Missing Link – Budget Edition

tileyalbino.gifIs there such a thing as ‘Budget Bounce’? Will Cossie’s spend-up save the Coalition come polling day? Or is the budget something of a Curate’s Egg – only good in parts?

Welcome to Club Troppo’s Budget Special Edition, where we round up the best blogospheric commentary so you don’t have to (with a nod to non-budgetary stuff for those who find economics and psephology singularly uninspiring).

Just a note that the wiki is playing up today, so no internal hyperlinks. Otherwise service is as normal, with this edition prepared by Jason Soon, Amanda Rose, Patrick Garson and James Farrell, with Helen Dale editing. Ken Parish will be back on deck next week, when he’s a little less flat-out-like-a-lizard-drinking. (I’ve just learnt Jason was a bit on the lizardy side too).

The image – an albino Wallaby – comes via David Tiley, who also tells its rather odd story.

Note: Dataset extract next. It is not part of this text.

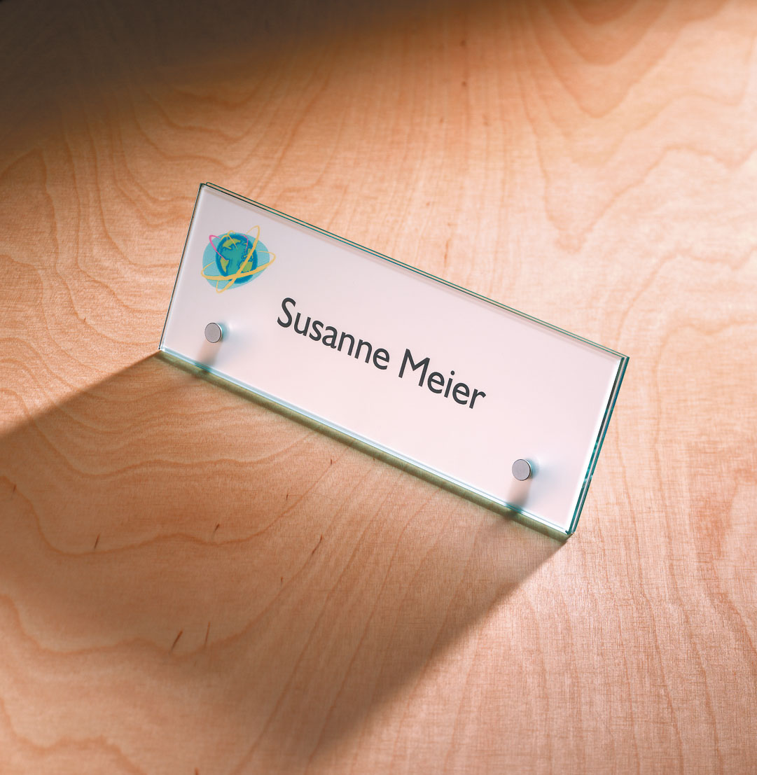 Hochwertiges Namensschild zum Hinstellen z.B. auf den Schreibtisch.
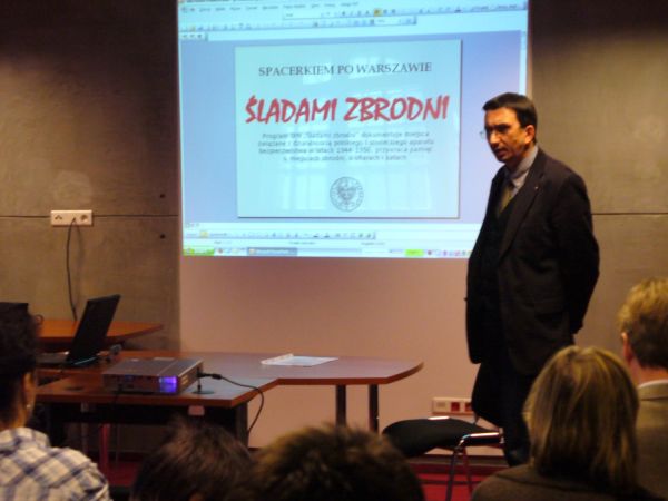 Stał się on okazją do zaprezentowania programu IPN „Śladami zbrodni”. Dr Tomasz Łabuszewski – naczelnik Oddziałowego Biura Edukacji Publicznej, koordynator projektu, mówił o zbrodniach dokonanych przez komunistyczny aparat represji oraz powojennych katowniach w Warszawie, wśród których wymienił m.in. więzienie przy ul. Rakowieckiej, areszt przy ul. Strzeleckiej, budynek liceum im. Władysława IV.

In this humble scribe’s view, some really outstanding budget posts came from Andrew Norton (with a focus on the Higher Education Endowment Fund), Peter Martin (with a focus on Ken Henry’s views of productive capacity) and the Pencil Guy (with a focus on one-off election bribes).

Jason Soon is excellent on the difference between pork and useful stuff, while Nick Gruen looks at ‘the right kind‘ of tax cuts. Taking a different tack, Bryan at OzPolitics points up the difference between Swan’s lame performance on the 7:30 Report compared to fellow Labor man Lindsay Tanner.

Mark at stoush.net notes the obscenity of starting to tax people at $6000 per year, inadvertently providing support for a major lifting of the tax-free threshold. This ties in with Peter Martin’s excellent piece on from just where the government is sourcing its revenue windfall. Andrew Leigh writes in a similar vein, with a perceptive analysis of the median (as opposed to the mean) income voter.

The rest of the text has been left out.